Le tribunal criminel de la ville de Bejaïa en Kabylie a condamné, ce mercredi 12 février, l’ancien maire d’Akbou, Abderrahmane Bensebaa à la prison à la perpétuité. Le procès s’est tenu en l’absence de l’accusé qui s’est réfugié en France depuis fin 2017, rapporte le quotidien francophone, Liberté.

Selon la même source, le maire de la deuxième ville de Bejaïa est poursuivi pour plusieurs chefs d’inculpation. Il est accusé notamment de « mauvaise gestion des affaires de la commune », « falsification de documents officiels » et « trafic d’influence ». Abderrahmane Bensebaa qui a occupé le poste du président de l’Assemblée Populaire Communale d’Akbou durant 20 ans (1997 – 2017), a quitté le pays à la fin de son quatrième mandat pour s’installer définitivement en France.

Élu sur la liste FFS en 1997, il est réélu sous la bannière d’une liste « indépendante » avant de rejoindre les rangs du Rassemblement national démocratique (RND). Durant ses quatre mandats à la tête de l’exécutif de la commune d’Akbou, son bilan de gestion a été fortement décrié par les élus de l’opposition, les citoyens et les représentants de la société civile d’Akbou. 

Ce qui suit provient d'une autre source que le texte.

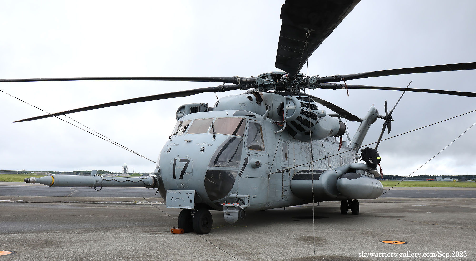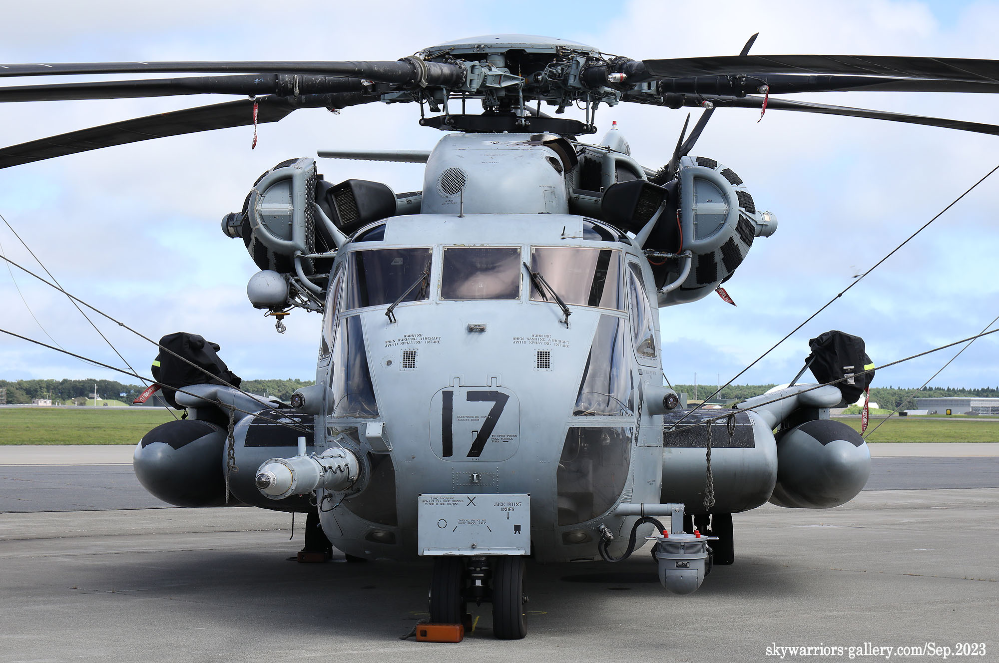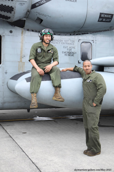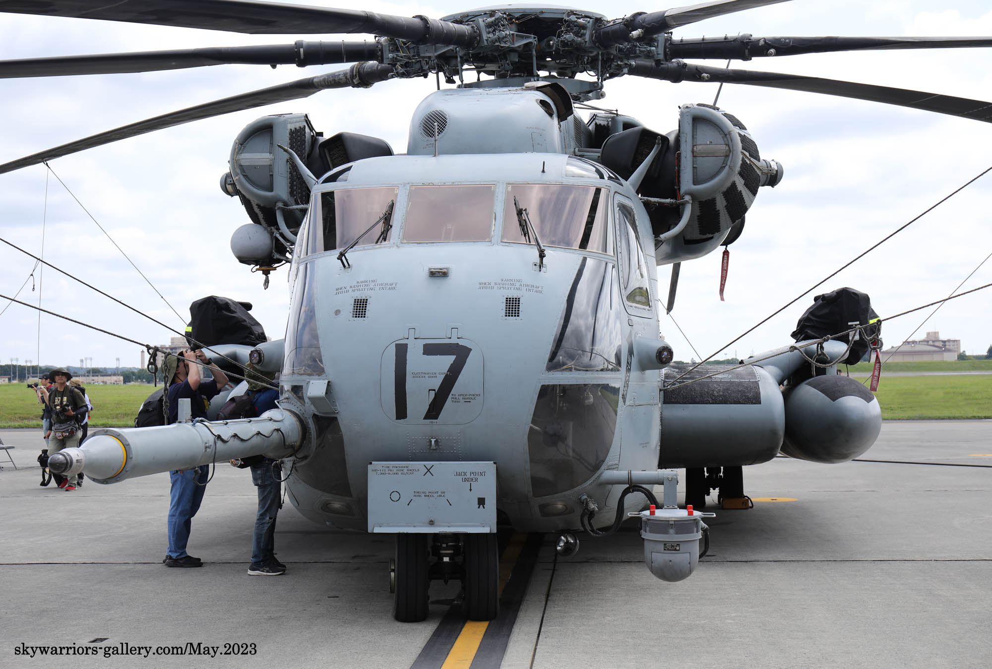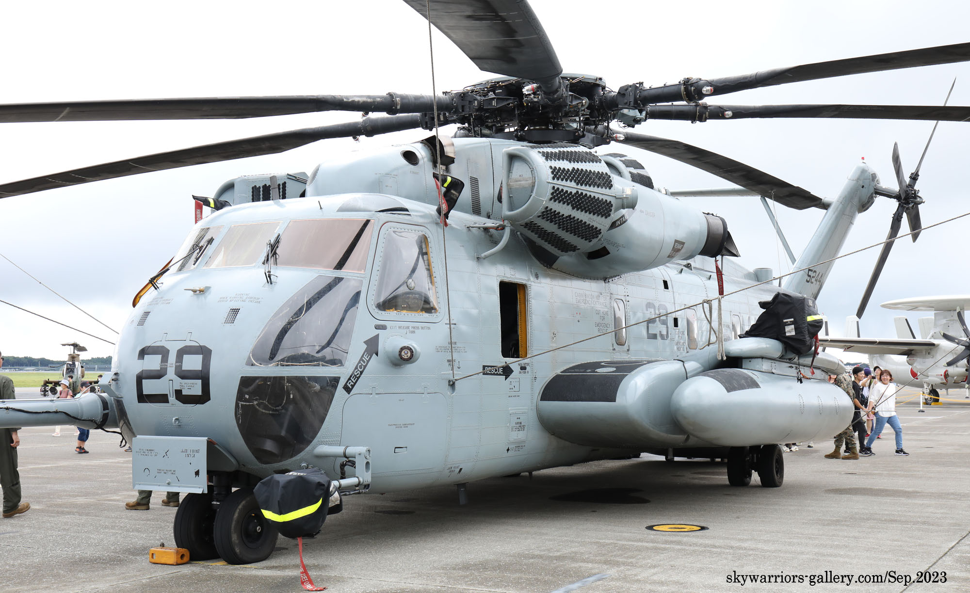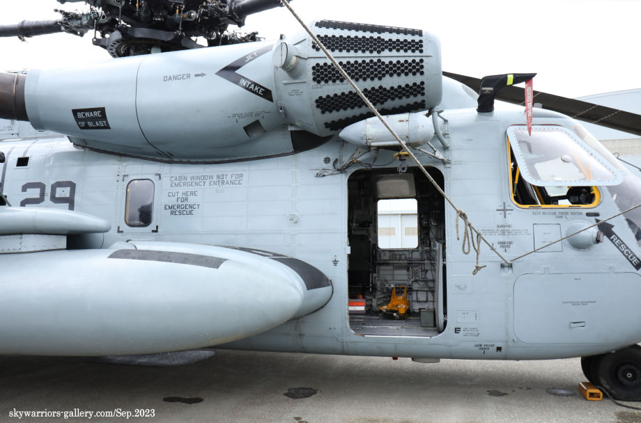 上の写真とは所変わって、2023年9月10日三沢基地公開に展示されたHMH-462のCH-53Eである。Modex 24&17番のペアは、横田公開日と同じメンバーではあるが、三沢基地公開日前日に空港ターミナルで外来機を待つ我々にとって、大きなプロペラ音を響かせて降りてくれたシ―スタリオンは嬉しい存在だった。今回は、ロープの外側の展示機エリアに17番機、機内展示を含めたディスプレィ用に24番機が使われた。横田基地であったメンバーのクルーとも再会である。
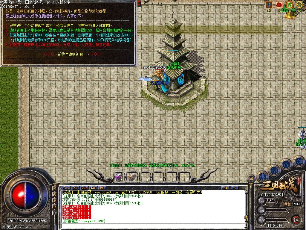 【公告】本服为抢杀BOSS版本,都会爆出大额经验卷,击杀各地图内BOSS后可立刻前往镇妖神殿寻找镜像!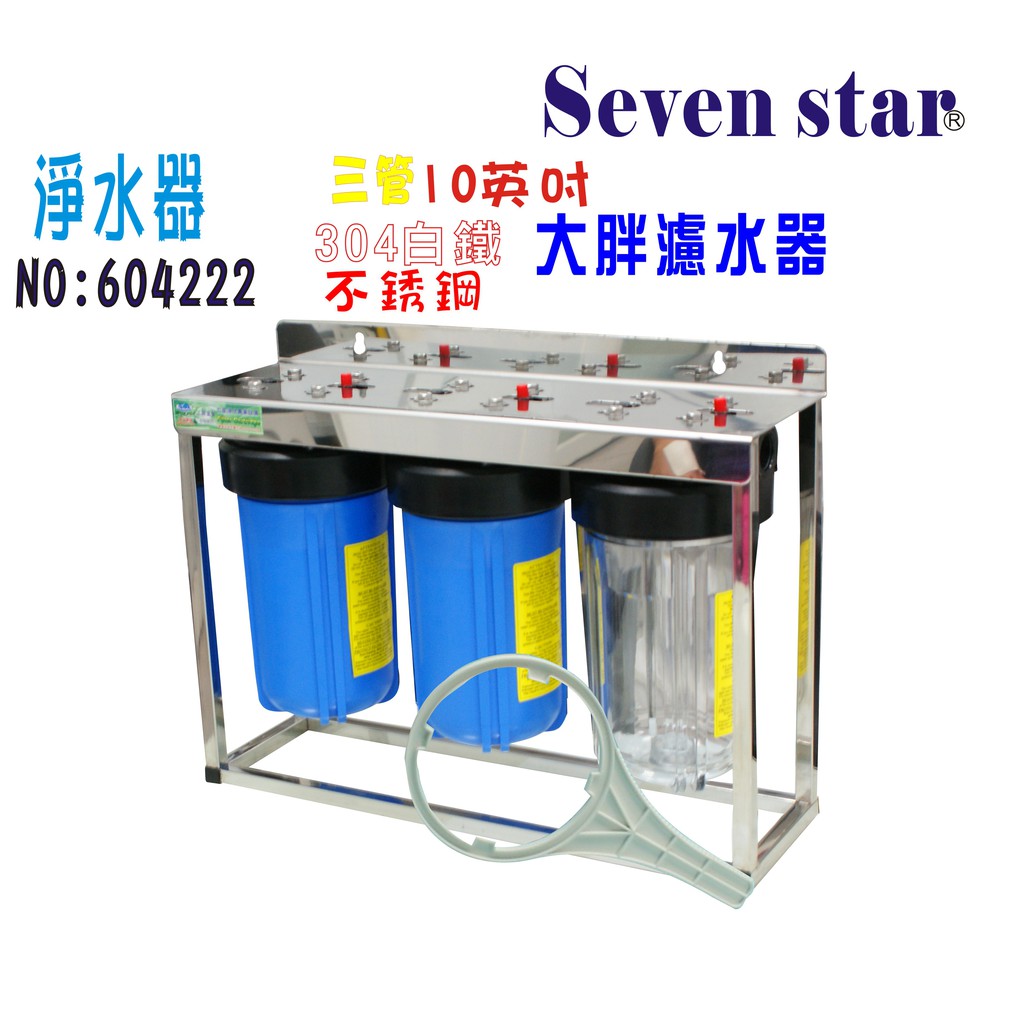 10吋大胖三管白鐵架 過濾器組 腳架面板304白鐵全戶淨水器 貨號 604222 Seven star淨水網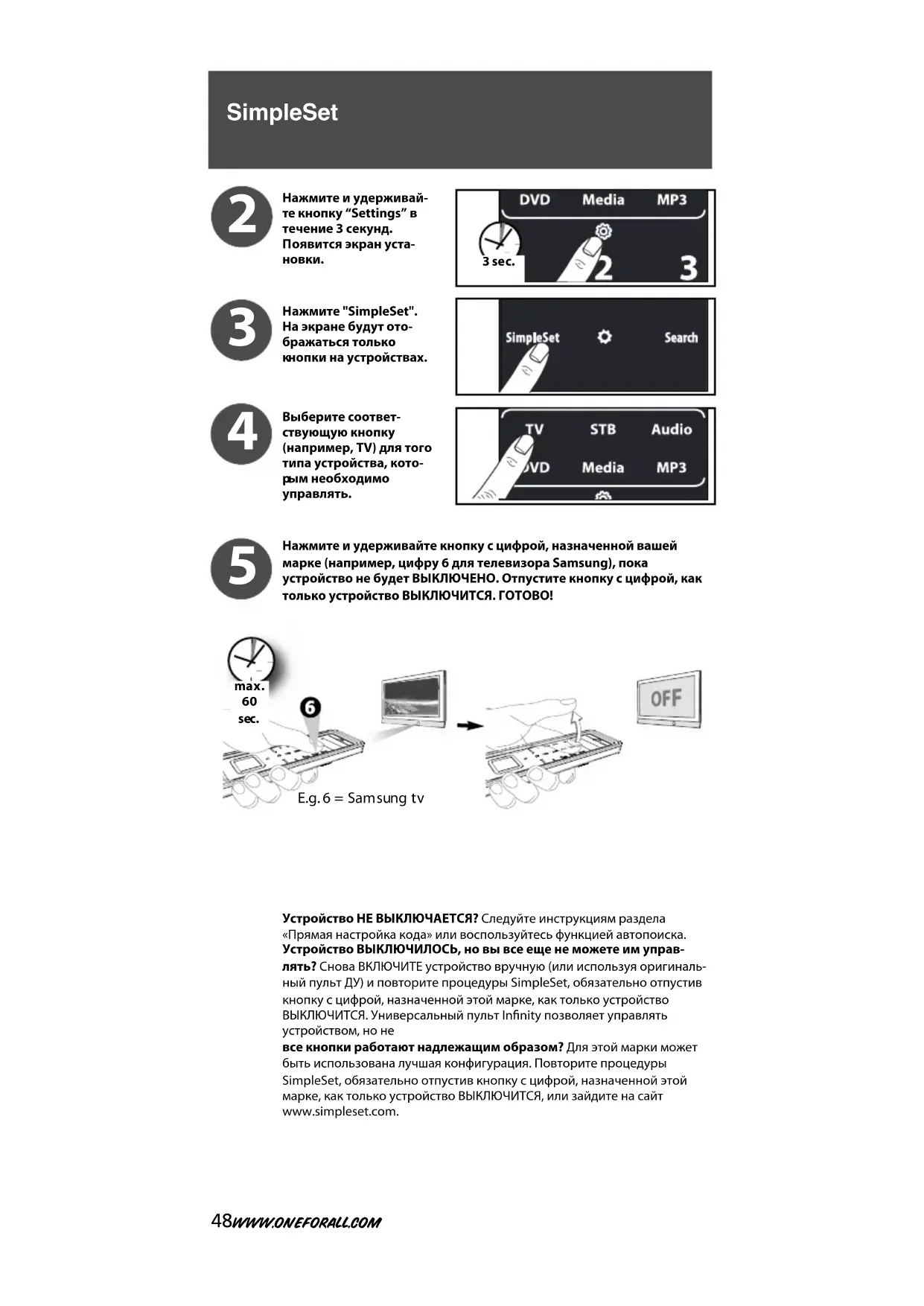 INFINITI-105x230 manual_14-talen_RDN-1230113:Infinity Manual_gedrukt 23-01-13 11:21 Pagina 4748 WWW.ONEFORALL.COM Нажмите и удерживайте кнопку с цифрой, назначенной вашеймарке (например, цифру 6 для телевизора Samsung), покаустройство не будет ВЫКЛЮЧЕНО. Отпустите кнопку с цифрой, кактолько устройство ВЫКЛЮЧИТСЯ. ГОТОВО!Устройство НЕ ВЫКЛЮЧАЕТСЯ? Следуйте инструкциям раздела«Прямая настройка кода» или воспользуйтесь функцией автопоиска.Устройство ВЫКЛЮЧИЛОСЬ, но вы все еще не можете им управ-лять? Снова ВКЛЮЧИТЕ устройство вручную (или используя оригиналь-ный пульт ДУ) и повторите процедуры SimpleSet, обязательно отпустивкнопку с цифрой, назначенной этой марке, как только устройствоВЫКЛЮЧИТСЯ. Универсальный пульт Infinity позволяет управлятьустройством, но невсе кнопки работают надлежащим образом? Для этой марки можетбыть использована лучшая конфигурация. Повторите процедурыSimpleSet, обязательно отпустив кнопку с цифрой, назначенной этоймарке, как только устройство ВЫКЛЮЧИТСЯ, или зайдите на сайтwww.simpleset.com.Нажмите и удерживай- т е кнопку “Settings” втечение 3 секунд. П оявится экран уста-новки. Н ажмите "SimpleSet".На экране будут ото-бражаться только к нопки на устройствах.Выберите соответ- с твующую кнопку(например, TV) для тоготипа устройства, кото- р ым необходимоуправлять. 2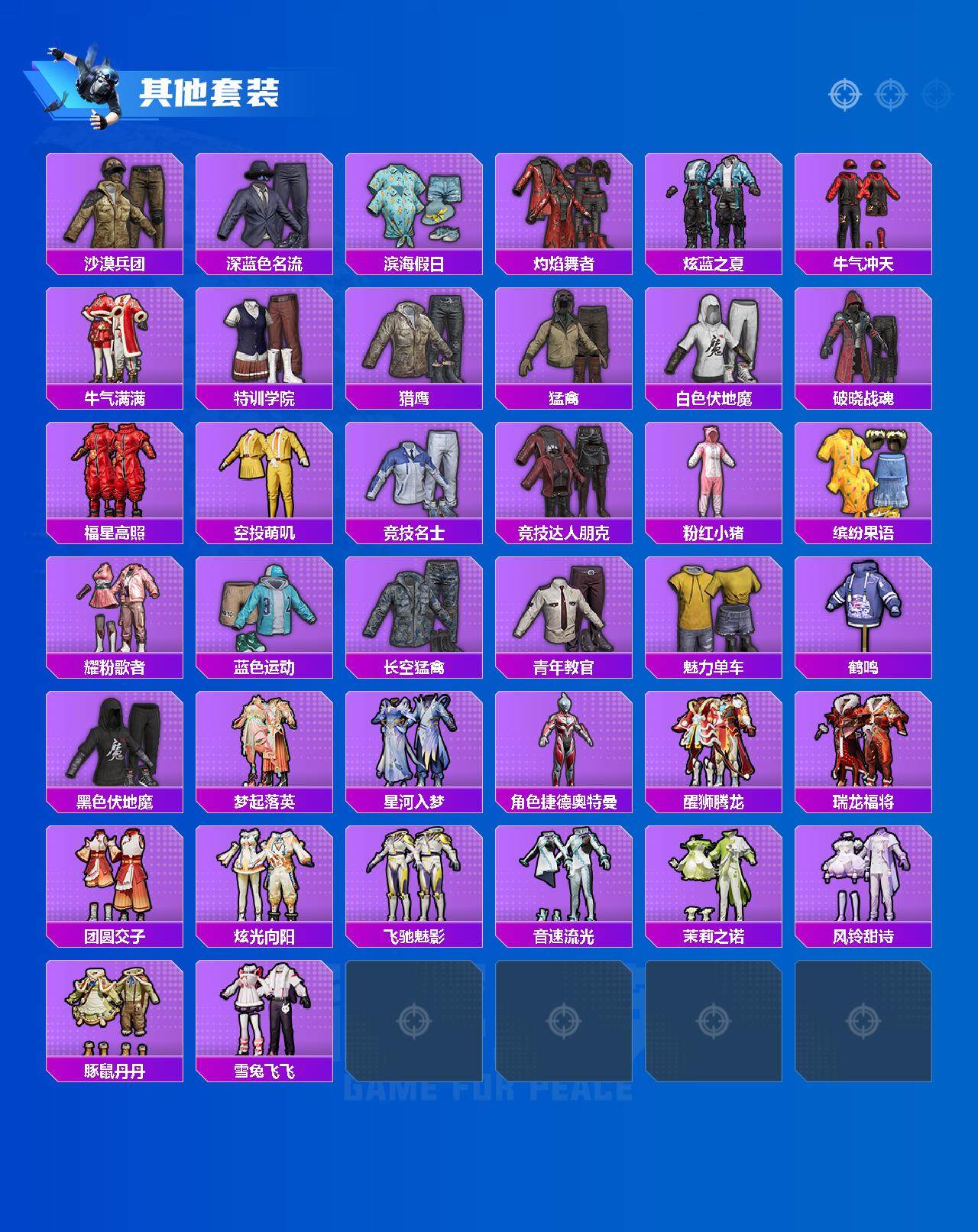【其他套装】:套装-SS17特训,套装-SS18特训,套装-SS19特训,套装-SS20特训,套装-SS21特训,套装-SS28特训,套装-SS29特训,套装-夏日音浪,套装-幻影武者,套装-战地督导,套装-格斗先锋,套装-森林游猎者,套装-沙漠兵团,套装-深蓝色名流,套装-滨海假日,套装-灼焰舞者,套装-炫蓝之夏,套装-牛气冲天,套装-牛气满满,套装-特训学院,套装-猎鹰,套装-猛禽,套装-白色伏

Par ailleurs, le maire de la commune de Bejaïa Hocine Merzougui et son adjoint Youcef Kadri ont été mis le mois dernier sous contrôle judiciaire par le juge d’instruction près le tribunal de Kherrata pour « dilapidation de biens publics » et « mauvaise gestion des affaires publiques ».

Le juge d’instruction du tribunal de Kharrata a auditionné dans le cadre de la même affaire, 17 autres personnes, dont 11 élus et 6 fonctionnaires de l’APC de Bejaïa. Les prévenus ont été inculpés dans l’affaire liée à la gestion du Comité communal culturel de la ville de Bejaïa (CCCB).